● **Task description**: Leave the pictures out. Retype exactly the lines below from the one containing "Welcome to 24001" through the one containing "Rhodiactive Greenbook A5+", and no others.

● **Exercise data**:

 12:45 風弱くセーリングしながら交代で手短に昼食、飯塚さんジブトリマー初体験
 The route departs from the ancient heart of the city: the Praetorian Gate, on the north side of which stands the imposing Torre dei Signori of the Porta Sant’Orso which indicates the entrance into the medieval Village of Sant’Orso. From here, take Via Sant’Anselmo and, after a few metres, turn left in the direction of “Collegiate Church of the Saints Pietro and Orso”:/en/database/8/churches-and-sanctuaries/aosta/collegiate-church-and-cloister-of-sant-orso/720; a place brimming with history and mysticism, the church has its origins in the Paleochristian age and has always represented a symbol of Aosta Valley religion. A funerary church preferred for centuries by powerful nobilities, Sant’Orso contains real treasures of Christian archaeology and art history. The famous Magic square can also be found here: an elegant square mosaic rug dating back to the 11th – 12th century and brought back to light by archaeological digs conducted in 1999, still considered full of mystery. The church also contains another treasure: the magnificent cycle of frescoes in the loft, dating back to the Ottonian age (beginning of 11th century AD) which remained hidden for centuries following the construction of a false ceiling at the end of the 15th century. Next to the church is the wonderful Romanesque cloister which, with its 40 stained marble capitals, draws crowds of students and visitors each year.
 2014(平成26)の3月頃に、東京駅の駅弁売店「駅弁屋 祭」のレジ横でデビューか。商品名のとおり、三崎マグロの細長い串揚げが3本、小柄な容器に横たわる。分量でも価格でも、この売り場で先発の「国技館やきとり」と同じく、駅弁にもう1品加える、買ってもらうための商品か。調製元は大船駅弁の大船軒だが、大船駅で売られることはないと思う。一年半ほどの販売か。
==
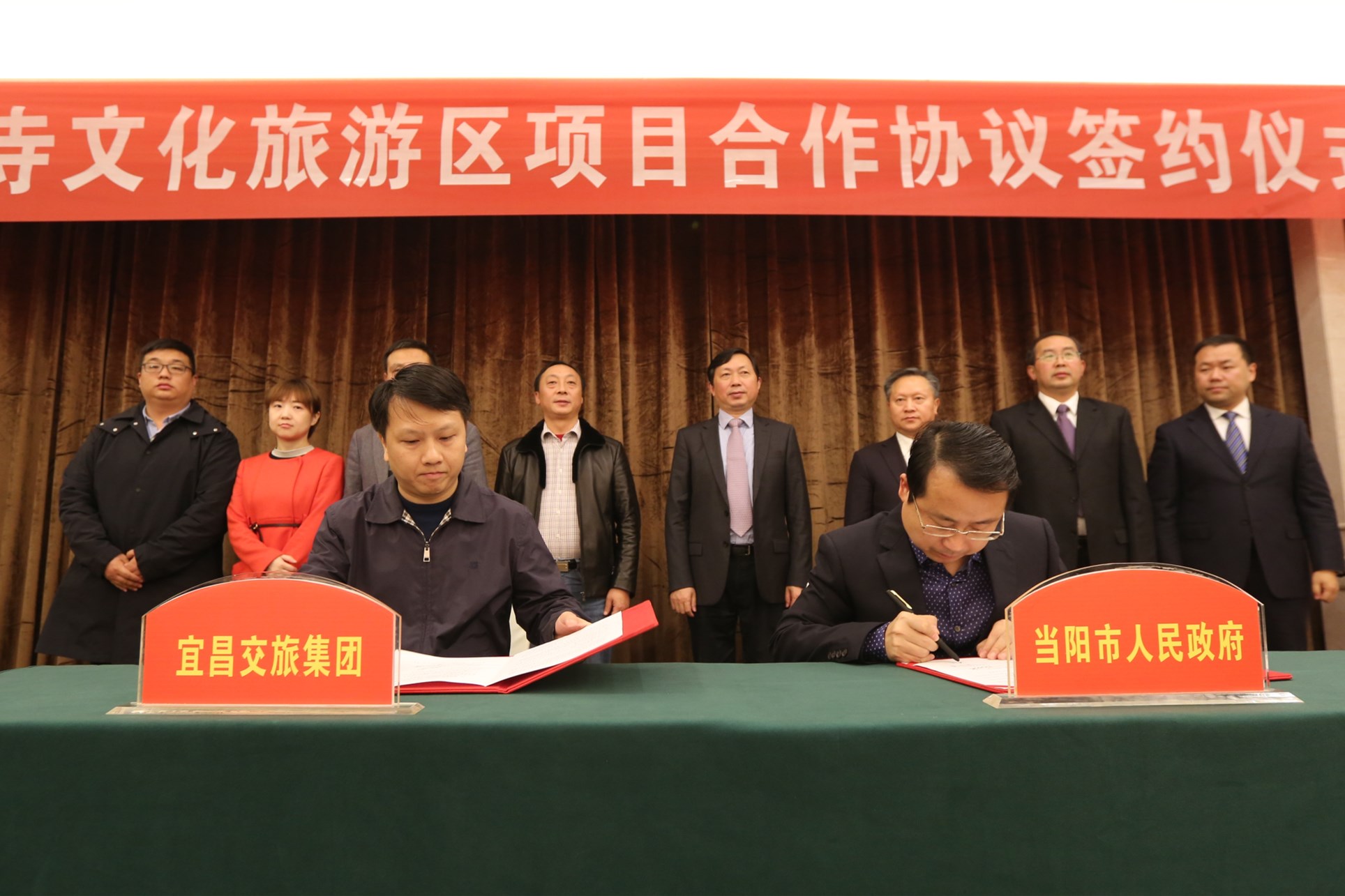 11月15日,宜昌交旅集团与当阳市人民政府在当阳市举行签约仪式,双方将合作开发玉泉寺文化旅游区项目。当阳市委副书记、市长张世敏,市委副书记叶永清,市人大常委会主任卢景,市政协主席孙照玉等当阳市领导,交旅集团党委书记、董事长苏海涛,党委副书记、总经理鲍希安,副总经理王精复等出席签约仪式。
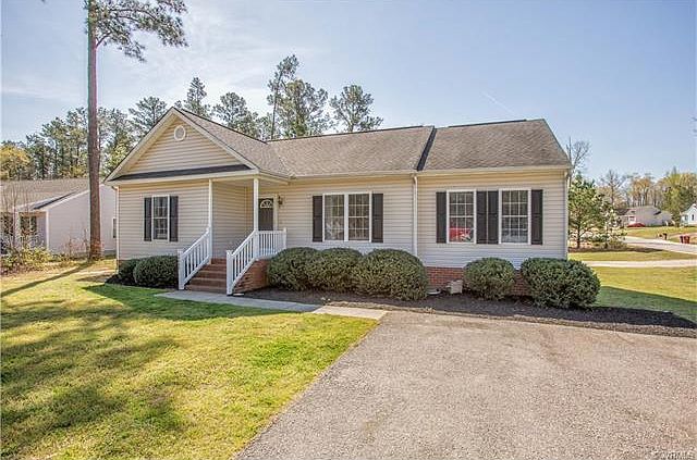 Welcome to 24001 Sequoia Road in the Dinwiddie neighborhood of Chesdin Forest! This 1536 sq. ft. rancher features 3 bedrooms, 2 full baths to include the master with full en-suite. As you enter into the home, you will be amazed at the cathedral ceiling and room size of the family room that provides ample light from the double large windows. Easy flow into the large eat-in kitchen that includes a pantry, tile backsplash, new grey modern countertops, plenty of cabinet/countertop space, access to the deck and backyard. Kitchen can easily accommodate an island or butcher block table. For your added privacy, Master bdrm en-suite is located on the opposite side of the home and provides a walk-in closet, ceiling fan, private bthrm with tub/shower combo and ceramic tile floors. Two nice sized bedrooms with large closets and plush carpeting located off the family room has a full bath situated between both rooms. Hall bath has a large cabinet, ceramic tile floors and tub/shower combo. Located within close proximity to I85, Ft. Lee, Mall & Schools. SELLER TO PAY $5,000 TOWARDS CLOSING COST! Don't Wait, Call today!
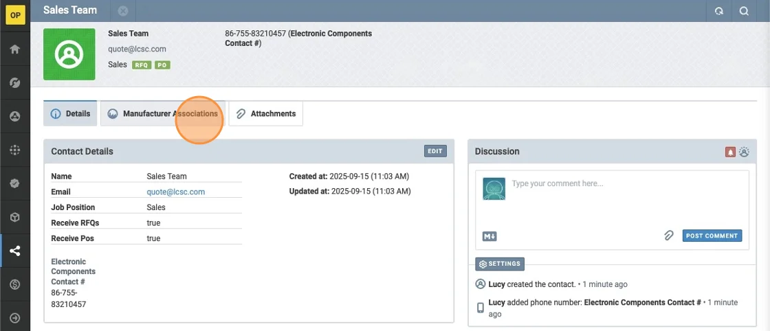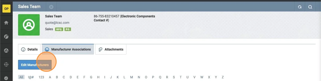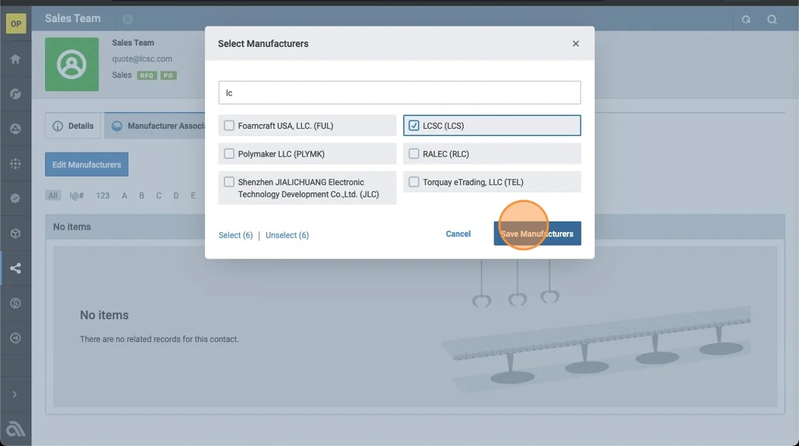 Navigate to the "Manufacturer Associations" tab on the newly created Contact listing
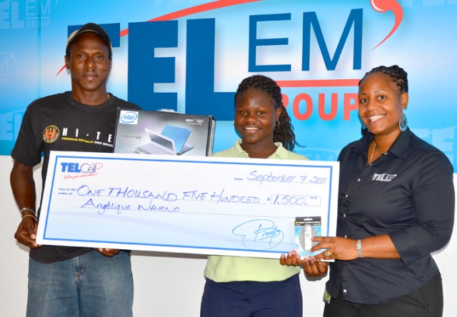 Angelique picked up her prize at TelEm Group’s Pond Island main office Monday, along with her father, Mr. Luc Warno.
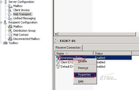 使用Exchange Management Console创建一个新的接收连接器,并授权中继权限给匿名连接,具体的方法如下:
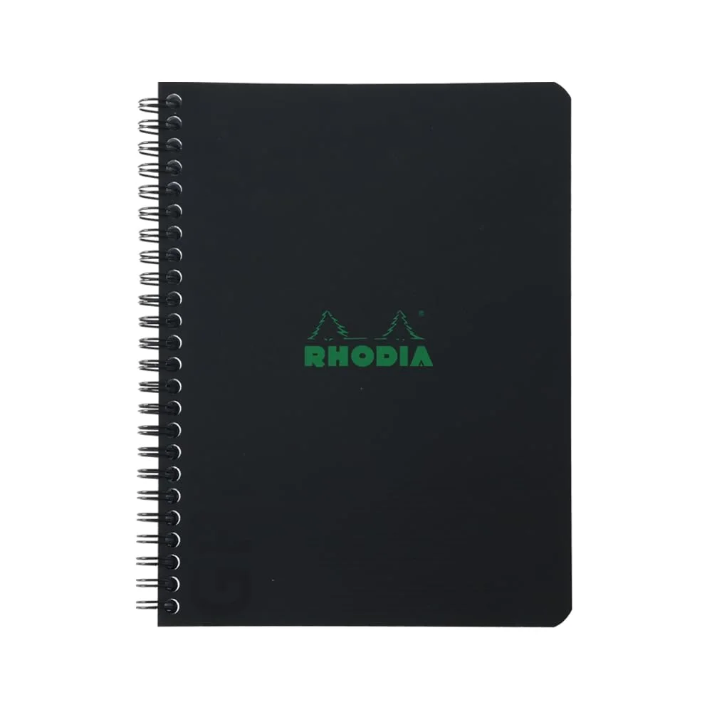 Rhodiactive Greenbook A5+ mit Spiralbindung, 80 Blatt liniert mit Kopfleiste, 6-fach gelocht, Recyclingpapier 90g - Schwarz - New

● **Response area**:
 Welcome to 24001 Sequoia Road in the Dinwiddie neighborhood of Chesdin Forest! This 1536 sq. ft. rancher features 3 bedrooms, 2 full baths to include the master with full en-suite. As you enter into the home, you will be amazed at the cathedral ceiling and room size of the family room that provides ample light from the double large windows. Easy flow into the large eat-in kitchen that includes a pantry, tile backsplash, new grey modern countertops, plenty of cabinet/countertop space, access to the deck and backyard. Kitchen can easily accommodate an island or butcher block table. For your added privacy, Master bdrm en-suite is located on the opposite side of the home and provides a walk-in closet, ceiling fan, private bthrm with tub/shower combo and ceramic tile floors. Two nice sized bedrooms with large closets and plush carpeting located off the family room has a full bath situated between both rooms. Hall bath has a large cabinet, ceramic tile floors and tub/shower combo. Located within close proximity to I85, Ft. Lee, Mall & Schools. SELLER TO PAY $5,000 TOWARDS CLOSING COST! Don't Wait, Call today!
 Navigate to the "Manufacturer Associations" tab on the newly created Contact listing
 Angelique picked up her prize at TelEm Group’s Pond Island main office Monday, along with her father, Mr. Luc Warno.
 使用Exchange Management Console创建一个新的接收连接器,并授权中继权限给匿名连接,具体的方法如下:
 Rhodiactive Greenbook A5+ mit Spiralbindung, 80 Blatt liniert mit Kopfleiste, 6-fach gelocht, Recyclingpapier 90g - Schwarz - New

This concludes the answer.